All of these are just examples, and one could list many more, including parenthood and especially surrogacy,Footnote 47 parental responsibility,Footnote 48 and the right to know one’s origin,Footnote 49 of how elements of European Family Law have been created by the ECtHR.
13.5 Conclusion: An EU/European Family Law for European Families?
A fragmentary European and EU Family Law has begun to develop, creating elements and pockets of family law in very diverse and often unconnected areas. At the heart of these developments, especially in the EU context, there lies the central question which this volume addresses: What is a family?

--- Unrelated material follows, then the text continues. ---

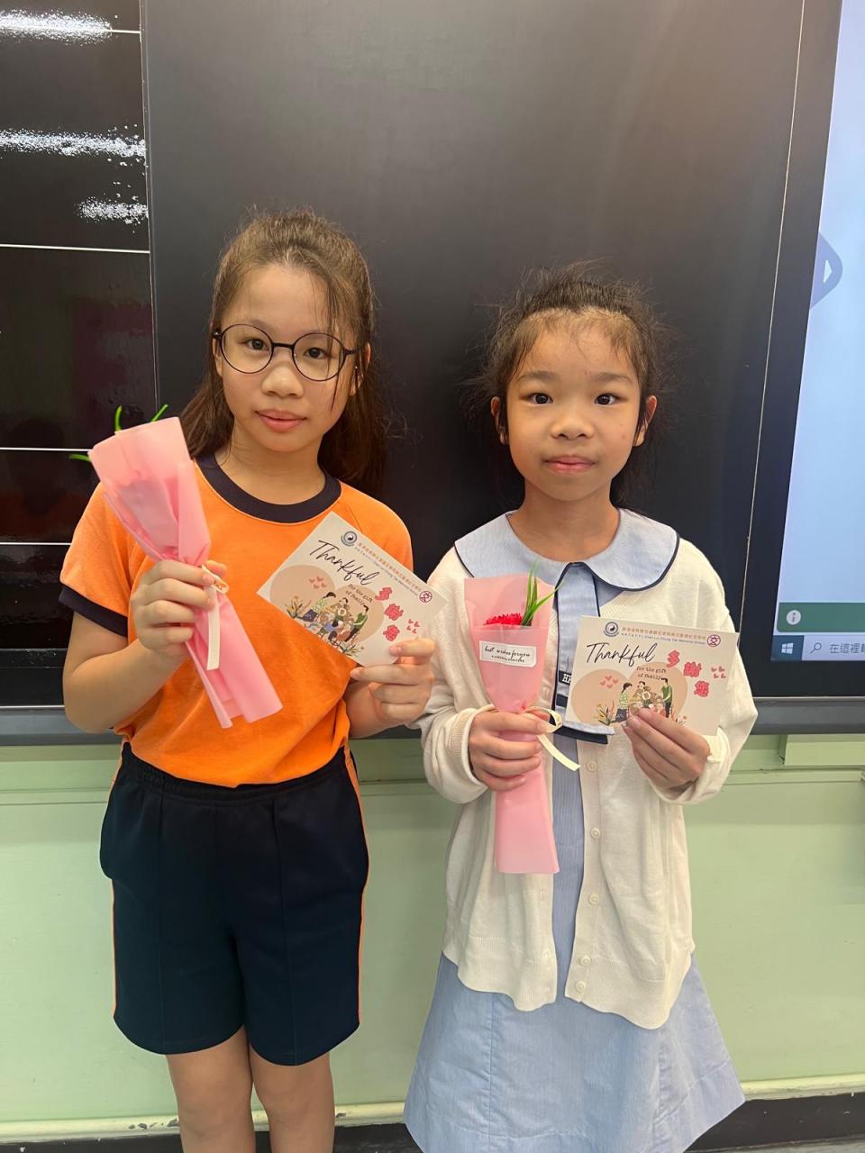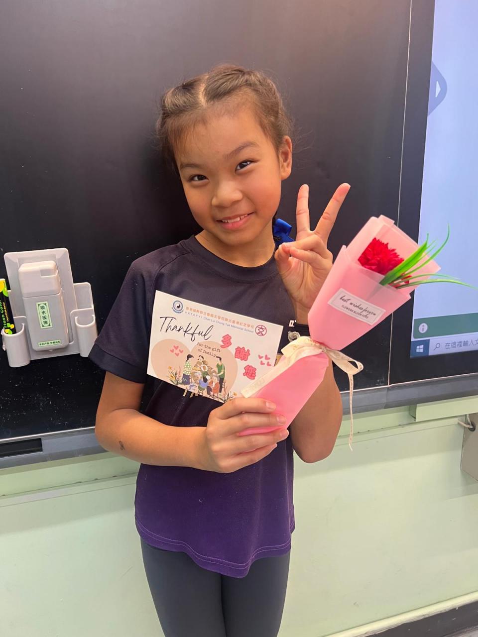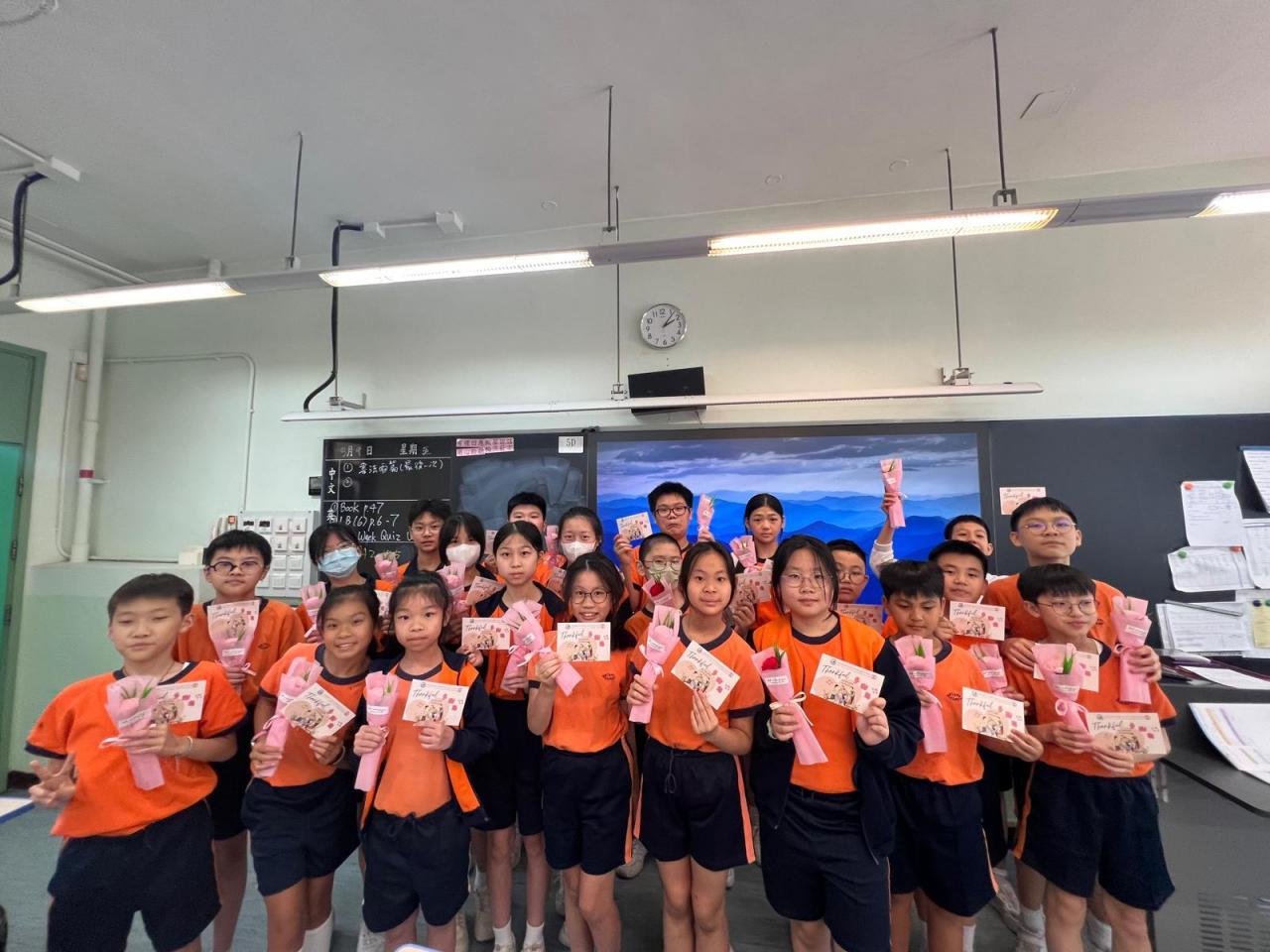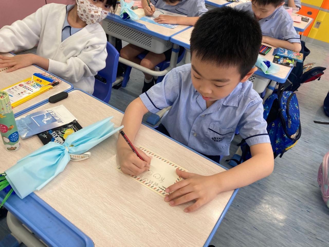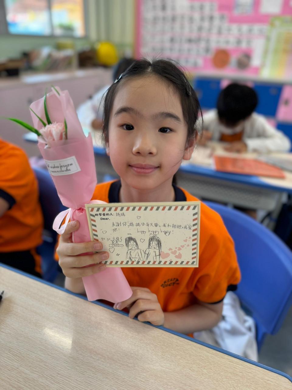 當天早上,梁校長、各位副校長和老師們在晨風中佇立校門前,迎接送孩子上學的家人和孩子,親手送上康乃馨,並和各位家長、孩子拍照留下溫馨的一刻。除了為每位家長準備了康乃馨,孩子更在導修課時在心意卡上寫上感謝的話語,以花和文字向家人傳遞感恩,每一張卡片都承載著獨一無二的心意。

‘Family’ means different things to different people, and is also likely to mean different things in different legal and social contexts. But that families, whatever form they take, are part of the basic European fabric cannot be denied. It is, therefore, not surprising that organic and institutional elements of European Family Law have begun and continue to grow. For now, most of them are separate little islands; but in the distant future they may grow together and form a more coherent and more recognisable body of European and EU Family Law.
Ultimately, it is to be hoped (to paraphrase the abovementioned statement by Commission President Ursula von der Leyen) that at least in Europe, if you are a family in one country, you are family in every country. Nobody’s family is any less a family just because somebody else’s family also is a family in the eyes of the law. Because love is love, and caring is caring.